*Task prompt*: Word for word, copy the lines beginning at the one with "FALK Traktor Baby" and ending at the last line below; pictures stay out.

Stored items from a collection
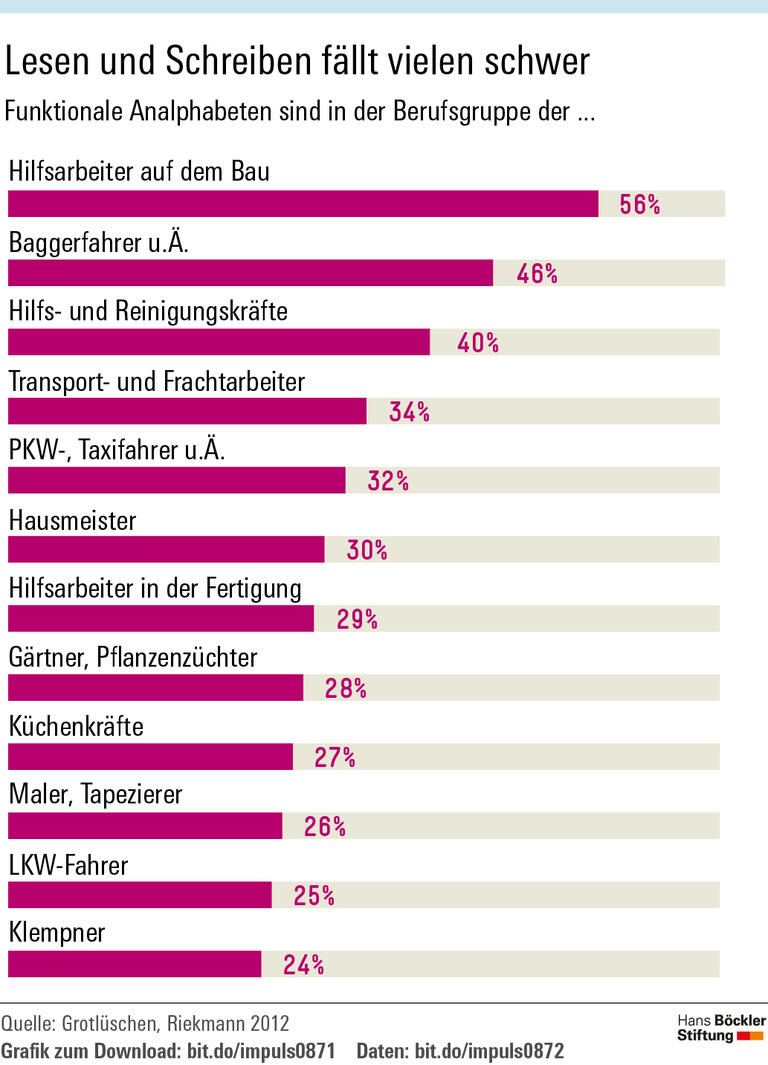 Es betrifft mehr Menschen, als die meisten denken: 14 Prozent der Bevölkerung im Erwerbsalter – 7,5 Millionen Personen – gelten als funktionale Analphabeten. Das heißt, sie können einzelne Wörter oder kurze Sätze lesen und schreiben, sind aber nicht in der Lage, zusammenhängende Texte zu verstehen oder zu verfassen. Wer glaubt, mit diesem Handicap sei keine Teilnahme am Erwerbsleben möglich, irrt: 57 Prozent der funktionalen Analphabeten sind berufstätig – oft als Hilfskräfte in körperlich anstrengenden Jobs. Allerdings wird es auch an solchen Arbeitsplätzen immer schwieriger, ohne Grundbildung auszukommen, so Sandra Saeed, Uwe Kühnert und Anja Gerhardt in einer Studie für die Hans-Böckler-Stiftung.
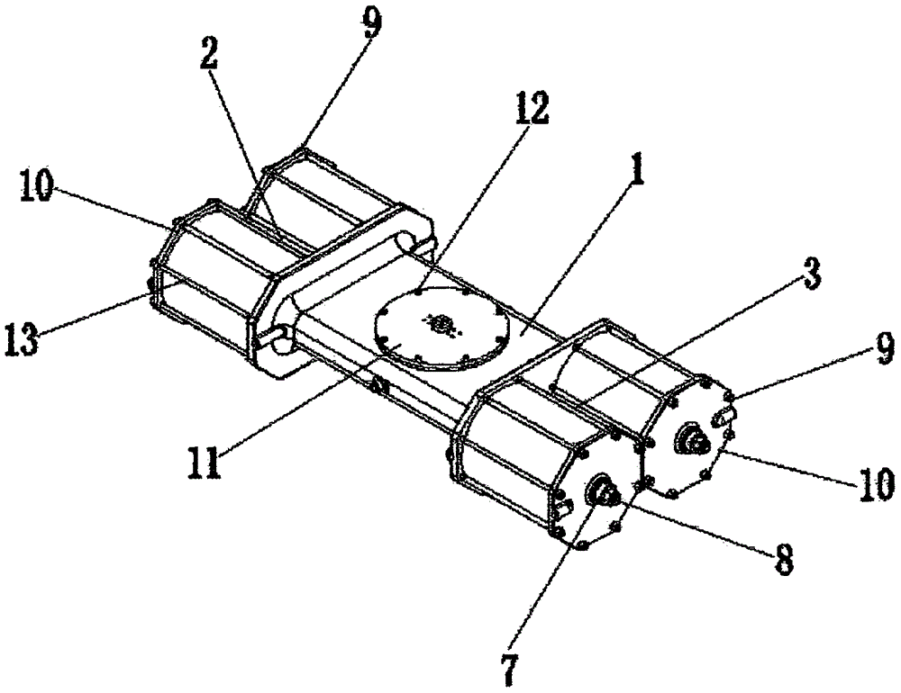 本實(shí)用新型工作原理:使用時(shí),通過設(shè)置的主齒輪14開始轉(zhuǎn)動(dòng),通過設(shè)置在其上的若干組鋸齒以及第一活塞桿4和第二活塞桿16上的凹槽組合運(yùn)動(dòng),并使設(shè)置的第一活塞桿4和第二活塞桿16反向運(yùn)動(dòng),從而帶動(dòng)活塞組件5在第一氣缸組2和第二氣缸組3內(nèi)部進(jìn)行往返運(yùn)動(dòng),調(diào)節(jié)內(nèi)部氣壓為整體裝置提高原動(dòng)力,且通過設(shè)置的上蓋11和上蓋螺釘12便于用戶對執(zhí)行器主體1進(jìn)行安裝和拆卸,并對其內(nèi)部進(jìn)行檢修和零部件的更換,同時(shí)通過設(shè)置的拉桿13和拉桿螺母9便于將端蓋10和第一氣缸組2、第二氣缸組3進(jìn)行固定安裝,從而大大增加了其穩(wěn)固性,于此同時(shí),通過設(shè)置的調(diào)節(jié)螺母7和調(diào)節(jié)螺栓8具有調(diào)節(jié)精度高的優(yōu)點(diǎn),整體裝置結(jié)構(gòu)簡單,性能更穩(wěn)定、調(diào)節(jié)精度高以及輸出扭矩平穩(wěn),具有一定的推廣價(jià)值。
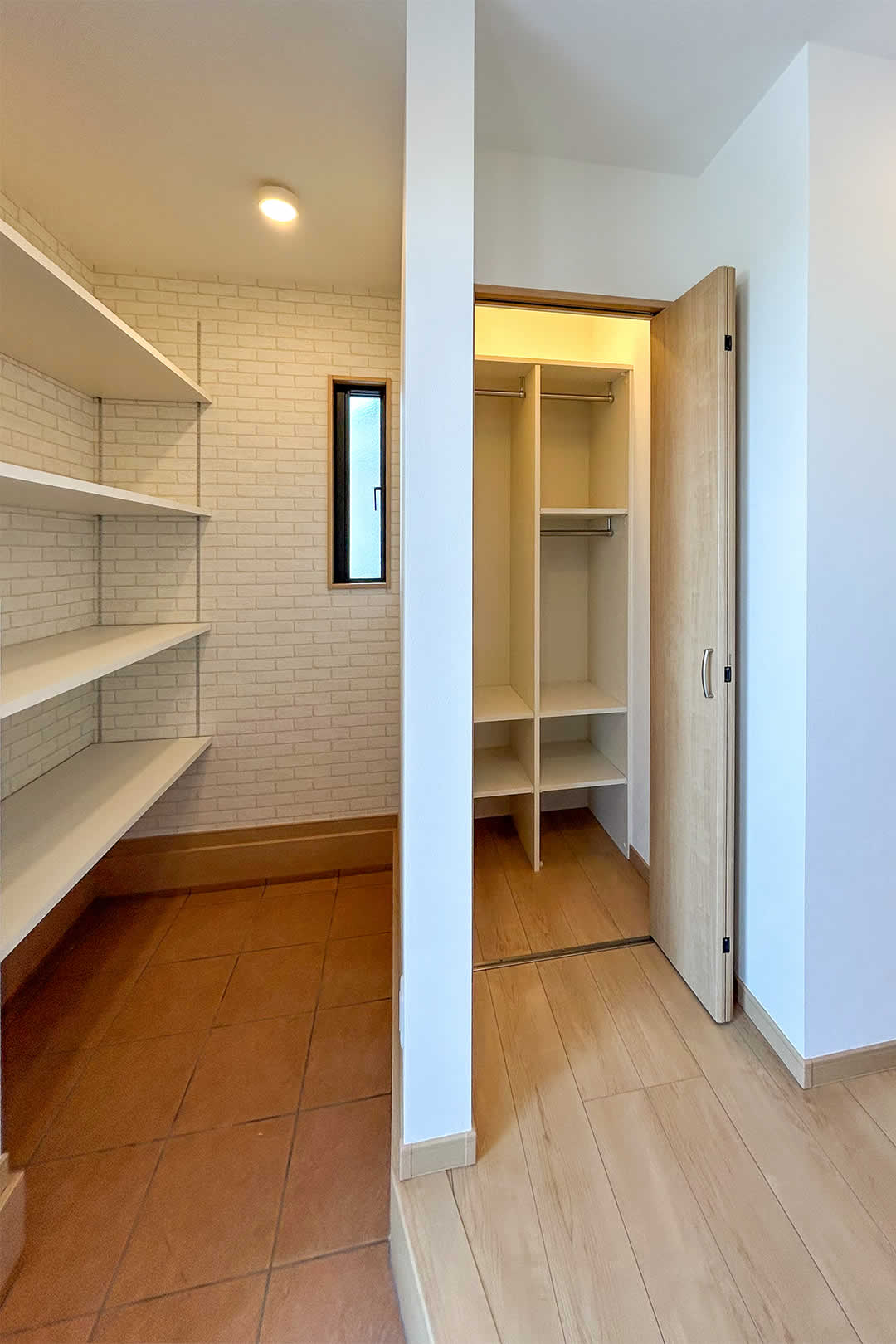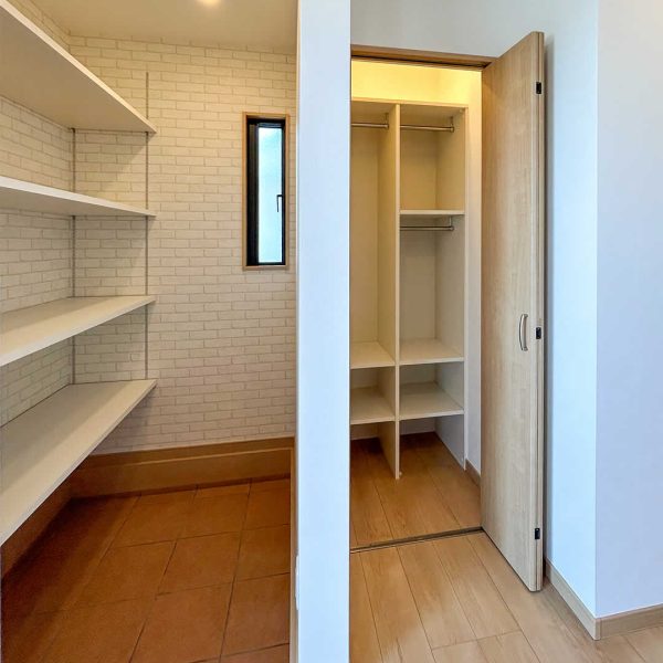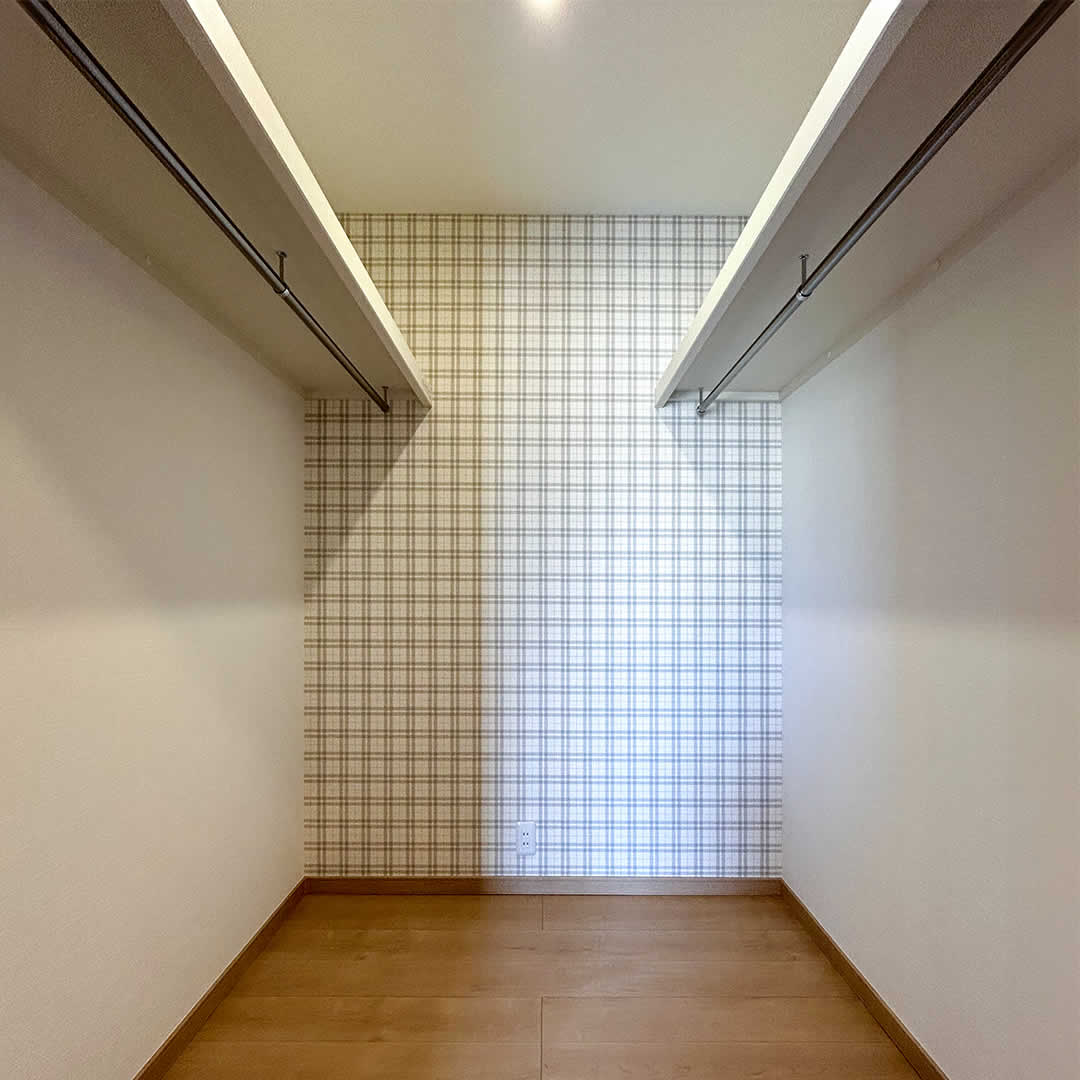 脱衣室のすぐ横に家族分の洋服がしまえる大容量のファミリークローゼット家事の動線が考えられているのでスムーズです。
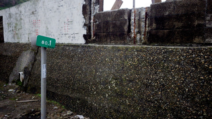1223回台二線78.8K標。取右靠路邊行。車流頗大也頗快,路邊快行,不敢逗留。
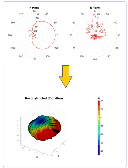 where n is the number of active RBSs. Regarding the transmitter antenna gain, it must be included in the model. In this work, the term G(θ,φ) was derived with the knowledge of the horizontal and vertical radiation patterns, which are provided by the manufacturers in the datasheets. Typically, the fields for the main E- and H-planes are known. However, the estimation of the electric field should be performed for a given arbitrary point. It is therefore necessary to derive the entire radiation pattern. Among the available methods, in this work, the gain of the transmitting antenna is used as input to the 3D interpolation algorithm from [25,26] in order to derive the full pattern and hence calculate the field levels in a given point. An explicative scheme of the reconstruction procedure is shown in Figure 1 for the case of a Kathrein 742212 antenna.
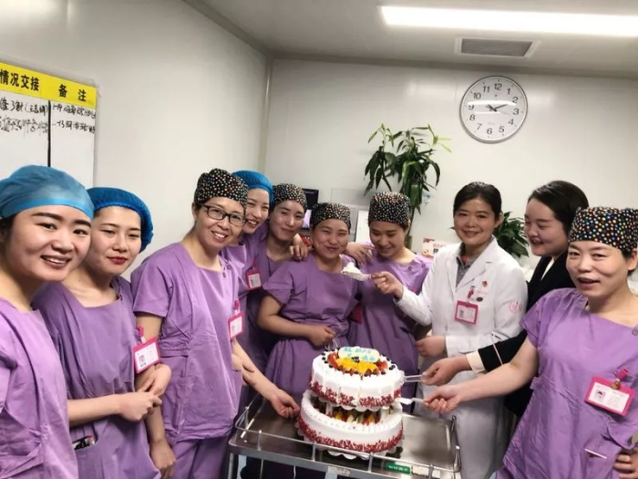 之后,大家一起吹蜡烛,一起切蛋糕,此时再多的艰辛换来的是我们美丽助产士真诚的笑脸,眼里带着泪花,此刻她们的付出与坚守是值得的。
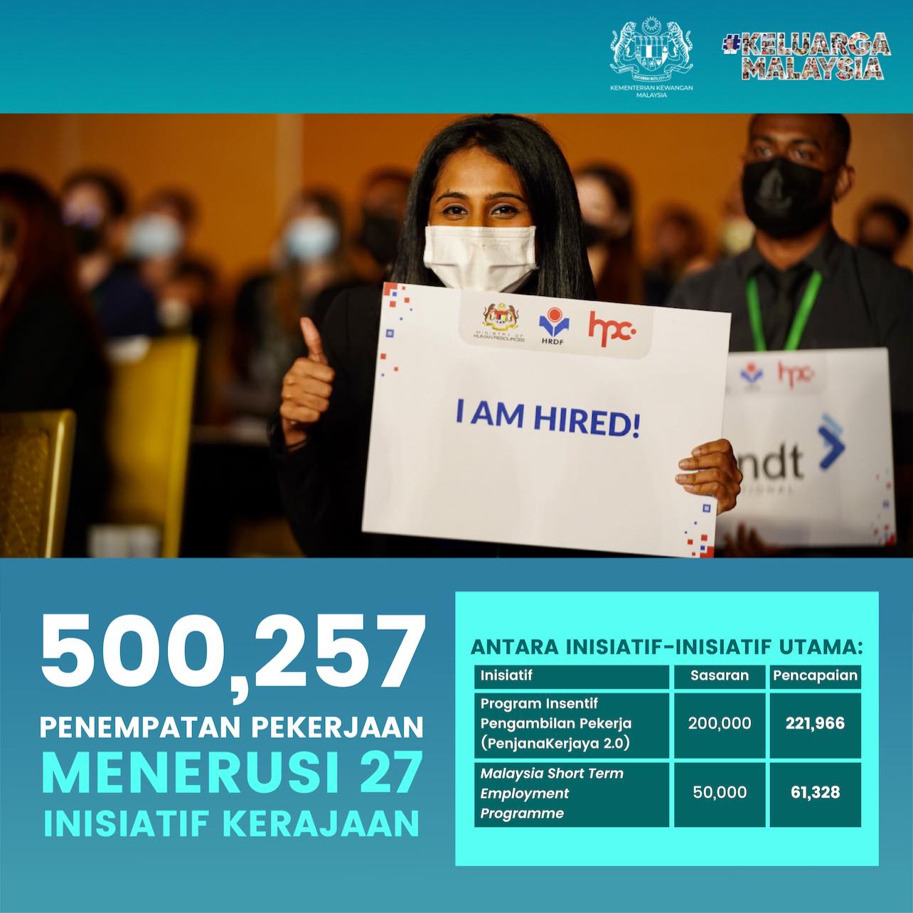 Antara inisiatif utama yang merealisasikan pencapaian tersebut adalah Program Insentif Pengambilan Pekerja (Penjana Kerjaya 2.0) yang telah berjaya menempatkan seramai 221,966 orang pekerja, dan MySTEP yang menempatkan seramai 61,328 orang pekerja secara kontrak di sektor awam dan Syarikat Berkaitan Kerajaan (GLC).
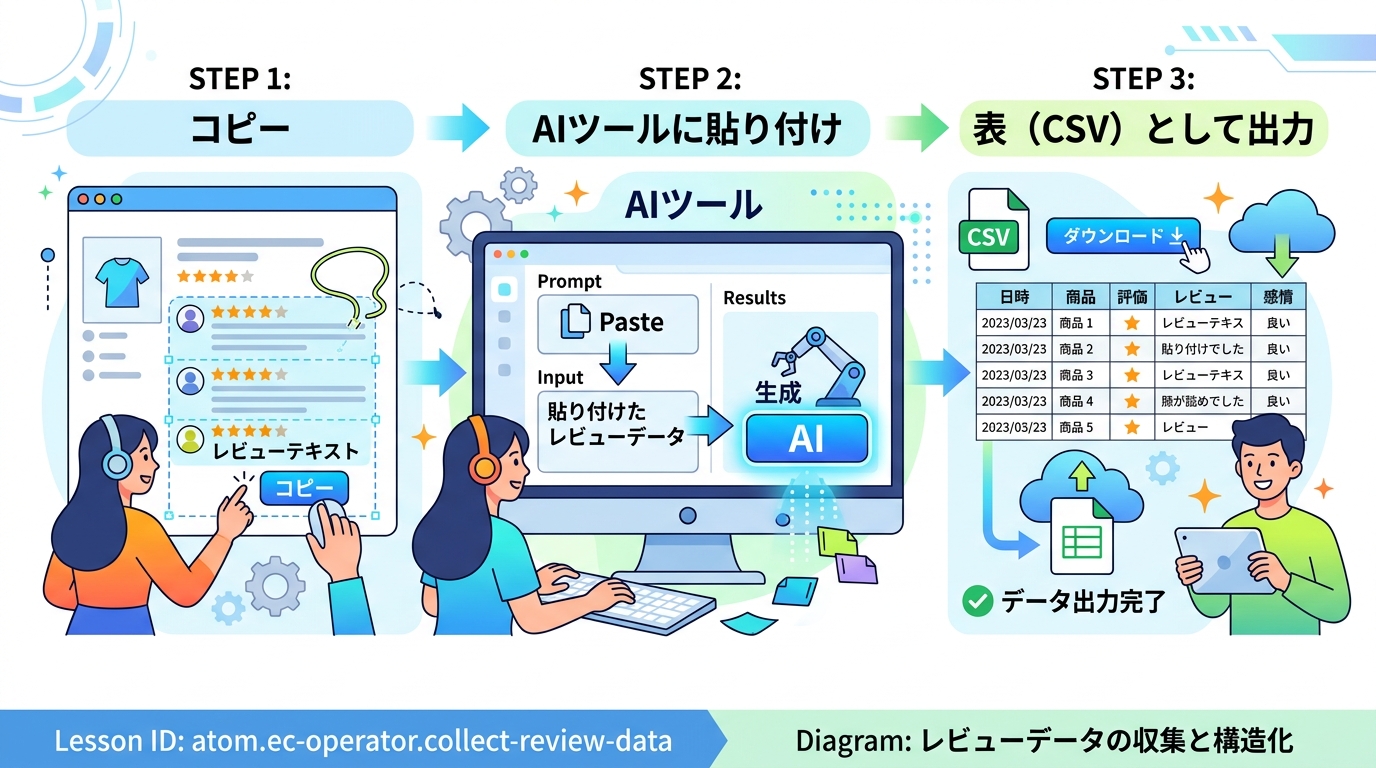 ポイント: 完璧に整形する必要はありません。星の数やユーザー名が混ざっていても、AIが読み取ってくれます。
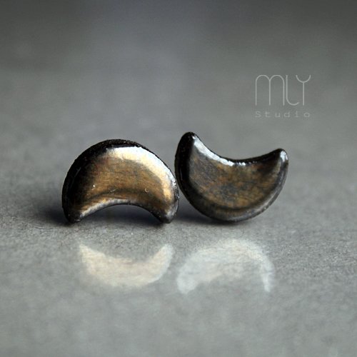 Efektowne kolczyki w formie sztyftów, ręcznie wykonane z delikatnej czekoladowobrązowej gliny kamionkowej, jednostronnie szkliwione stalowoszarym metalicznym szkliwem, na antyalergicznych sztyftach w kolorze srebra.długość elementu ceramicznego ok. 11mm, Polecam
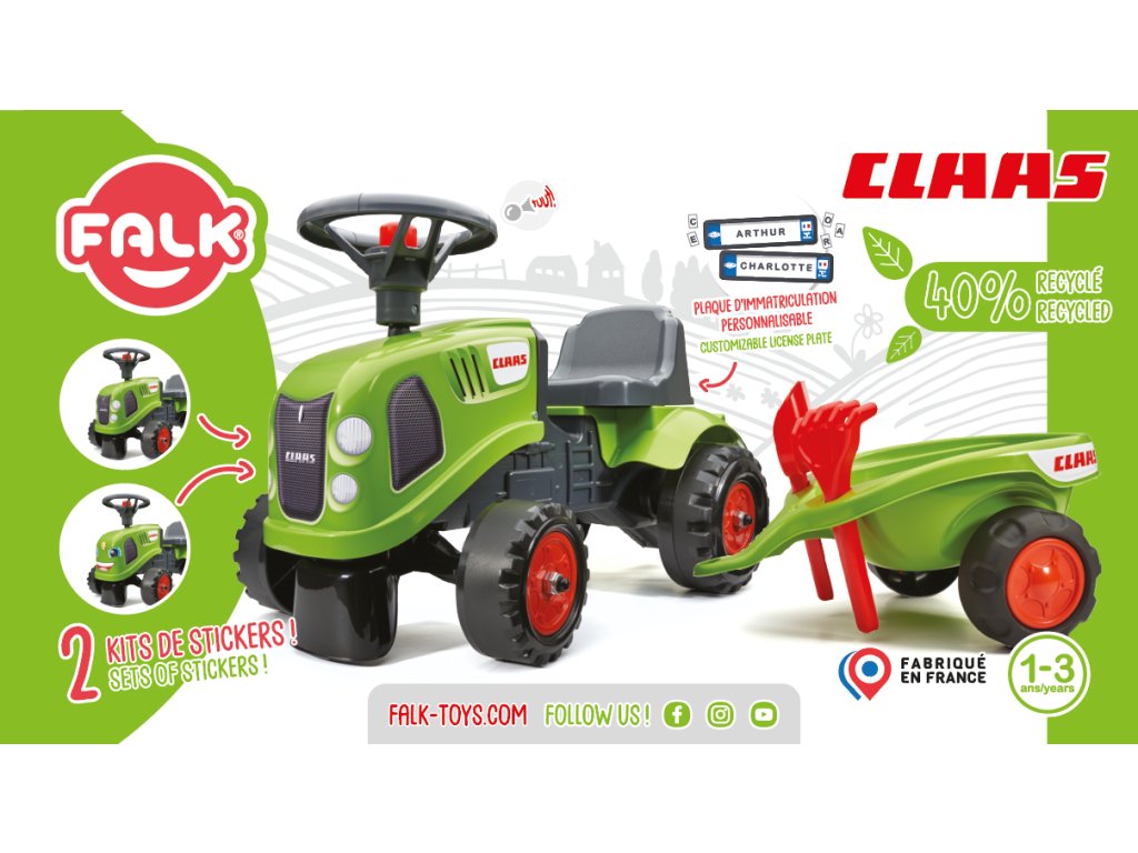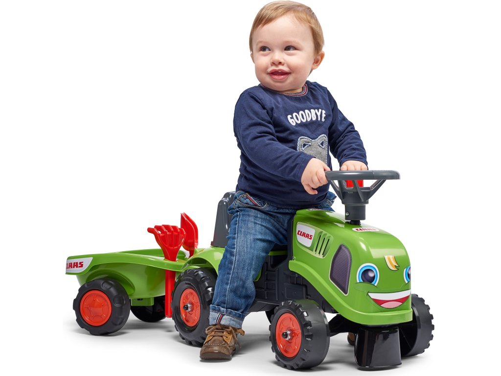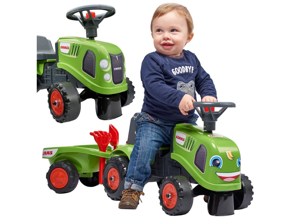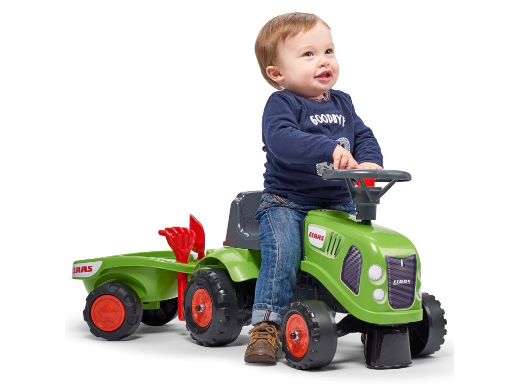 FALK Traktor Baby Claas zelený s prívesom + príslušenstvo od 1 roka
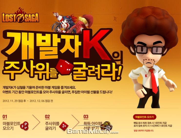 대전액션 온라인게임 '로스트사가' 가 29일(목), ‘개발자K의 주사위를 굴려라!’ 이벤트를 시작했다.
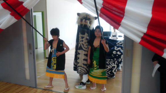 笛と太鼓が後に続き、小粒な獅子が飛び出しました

*Written answer*:
 FALK Traktor Baby Claas zelený s prívesom + príslušenstvo od 1 roka
 대전액션 온라인게임 '로스트사가' 가 29일(목), ‘개발자K의 주사위를 굴려라!’ 이벤트를 시작했다.
 笛と太鼓が後に続き、小粒な獅子が飛び出しました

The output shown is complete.